HP has built what it calls its most powerful Windows AI PC ever — the ZGX Fury GB300. It is a deskside workstation aimed at AI engineers and enterprise teams who need data-center-level compute without renting a cloud server. On paper, the specs are extraordinary. In practice, it is a very specific machine for a very specific type of user.
What It Is
The ZGX Fury GB300 runs on NVIDIA’s GB300 Grace Blackwell Ultra Desktop Superchip. That is not a graphics card dropped into a standard tower. It is a tightly integrated CPU-GPU combo — one 72-core ARM Neoverse V2 CPU paired with a single Blackwell Ultra (B300) GPU — all sharing 748GB of coherent unified memory. The CPU side holds 496GB of LPDDR5X; the GPU side holds 252GB of HBM3e. Both pools communicate over NVLink-C2C at 900GB/s bidirectional bandwidth.
To put that number in context: most desktop GPUs top out at 24–80GB of VRAM. This machine has roughly 10 times that, accessible as a single flat memory space. No model sharding, no memory-offloading tricks.
Most Important Capability: Trillion-Parameter Inference
The headline feature is local trillion-parameter model inference at FP16 or BF16 precision.
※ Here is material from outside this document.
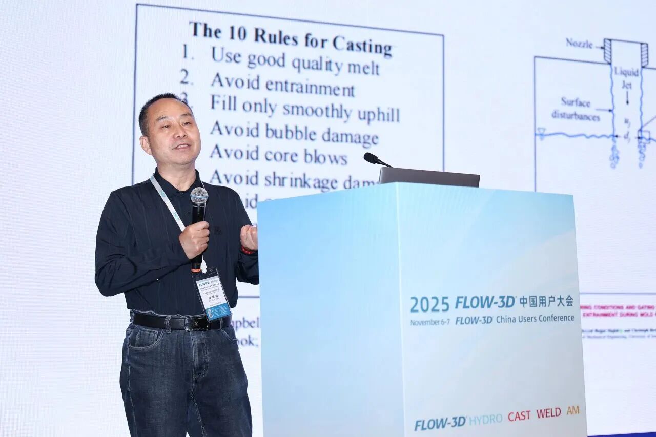FLOW-3D 中国总经理苏嘉宏先生 在本届大会上,多家用户企业的技术专家深入分享了FLOW-3D CAST在黑色金属铸造与有色金属铸造领域的前沿技术成果与最新应用案例,充分展现了该软件在提升铸造工艺优化水平与质量控制能力方面的强大优势。与此同时,FLOW-3D 中国技术团队重点介绍了FLOW-3D CAST的最新版本功能及其在半固态成形模拟中的创新应用,为行业客户带来了更高效、精准的解决方案。 大会演讲环节亮点纷呈,具体报告如下: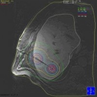 Under local anesthesia and administration of pain medication, the tumor is punctured under computer tomographic (CT), magnetic resonance imaging view with subsequent insertion of the catheters into the target volume.

The sweet spot HP and NVIDIA target is 400B+ parameter models — the class of AI just below the absolute frontier. For most teams, running a 70B model locally is already fast. Running a 405B model on a single workstation, without cloud latency, is genuinely new territory for a box that sits on your desk.
AI compute peaks at 20 PFLOPS in NVFP4/FP4 precision, which covers quantized inference workloads. For training and fine-tuning at higher precision, throughput will be lower, but the 8 TB/s of HBM3e GPU memory bandwidth means data movement is rarely the bottleneck.
Networking Is Not an Afterthought
Built into the system is a dual-port NVIDIA ConnectX-8 SuperNIC running at 400Gb/s per port via QSFP connectors. This is not a consumer ethernet upgrade. It is designed for teams that chain multiple AI systems together or need low-latency access to shared storage and data pipelines. If you are running standalone inference on one machine, you will not use most of this bandwidth. If you are part of a larger infrastructure, it means the ZGX Fury GB300 can keep up.
Power and Form Factor
The system draws power from a single 1600W 80 PLUS Gold ATX supply, though the GPU can pull up to 1800W through 12V-2×6 connectors. That is a meaningful electrical load — expect to check your rack or room power setup before ordering. The chassis follows NVIDIA’s DGX Station architecture and is designed for deskside placement, not rack mounting. It runs Windows, which is either practical (familiar software stack, enterprise IT compatibility) or limiting, depending on your workflow.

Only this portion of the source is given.